Re: What is an automorphism of a database instance?

From: Kira Yamato <>
Date: Sat, 29 Dec 2007 01:04:57 -0500
Message-ID: <2007122901045716807-kirakun_at_earthlinknet>

On 2007-12-28 13:07:54 -0500, Tegiri Nenashi <> said:

> On Dec 27, 9:15 pm, Kira Yamato <> wrote:

>> I need help in understanding what is an automorphism of a database instance.
>> The following definition is from the book Relational Database Theory by
>> Atzeni and De Antonellis:
>> Definition: An automorphism of a database instance r is a partial function
>> h : D --> D
>> where D is the domain of the database r such that
>> 1) the partial function h is a permutation of the active domain D_r, and
>> 2) when we extend its definition to tuples, relations, and database
>> instances, we obtain a function on instances that is the identity on r,
>> namely
>> h(r) = r.
>> I can understand 1), but I cannot understand 2).
>> In mathematics, an automorphism is a 1-1 mapping that preserves the
>> structure of an underlying set. For example, if in some set whose
>> members x, y and z obeys
>> z = x + y,
>> then we expect an automorphism f on that set to also obey
>> f(z) = f(x) + f(y).
>> So, the structure of "addition" is preserved.
>> Now, back to relational database theory, what "structure" is being
>> preserved by 2)? Can someone explain the formalization in 2) more
>> carefully?
> Well, in mathematics you rarely find an algebra with 7 (or 8?)
> operations. Moreover, the operations are syntactically unattractive.
> The elements of the algebra are relations, and yet
> some operations like projection and selection take an additional
> parameter, which is outside of the realm of
> the relation objects. Some operations like union can't be applied to
> any pair of relations.
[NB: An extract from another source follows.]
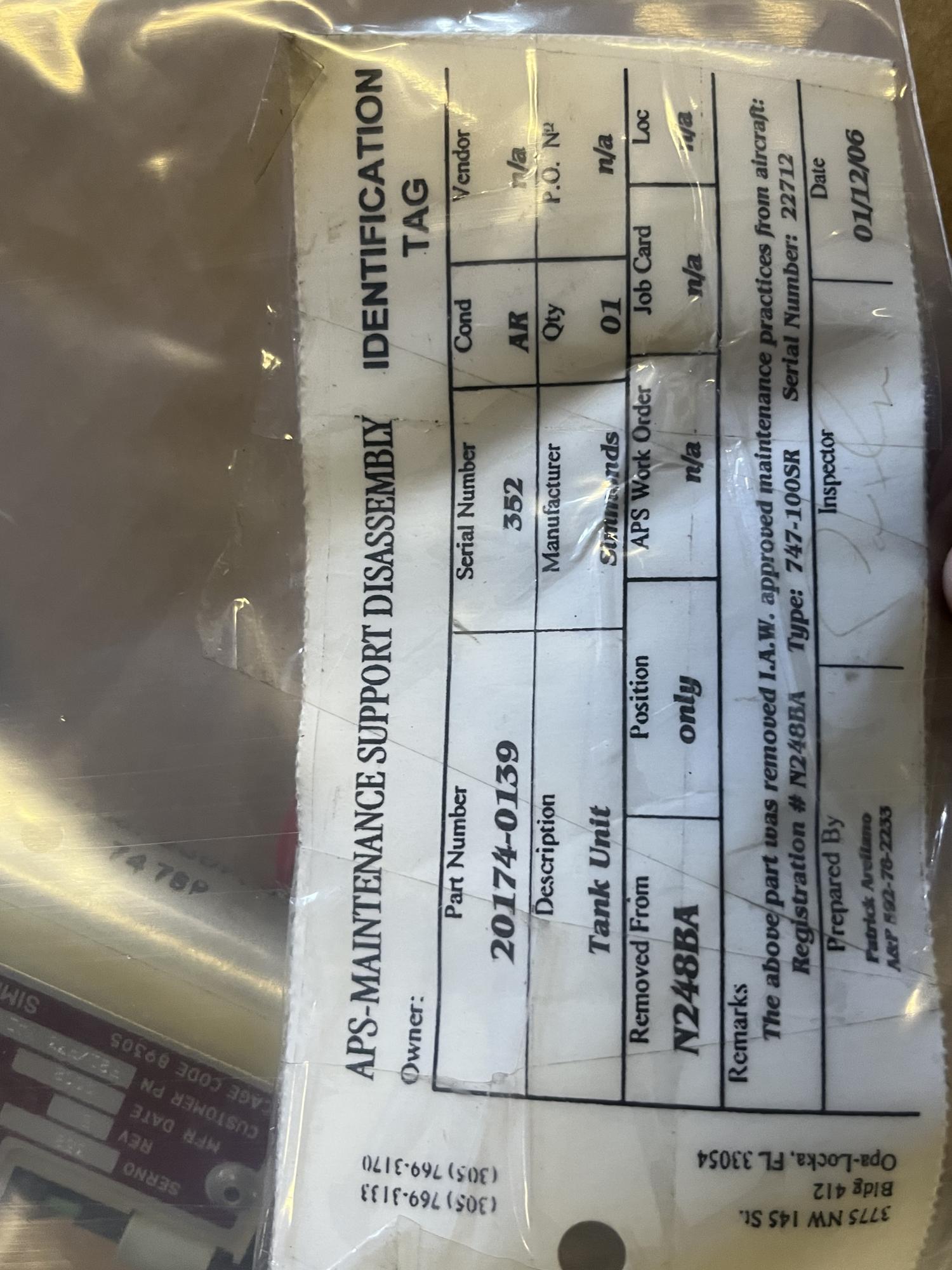 266 | 20174-0139 | 352 | TANK UNIT | 1 | AR | B747 | A22712 | SID01673 | View |

The explicit
> renaming operation is like nothing else in mathematics, where renaming
> variables has never been a big deal.
> If this line of thought resonates with you, please check up
> There are 2 homomorhisms of relational algebra into boolean algebras
> there.

Thank you for that link. It is certainly one direction to look into in defining morphisms between databases.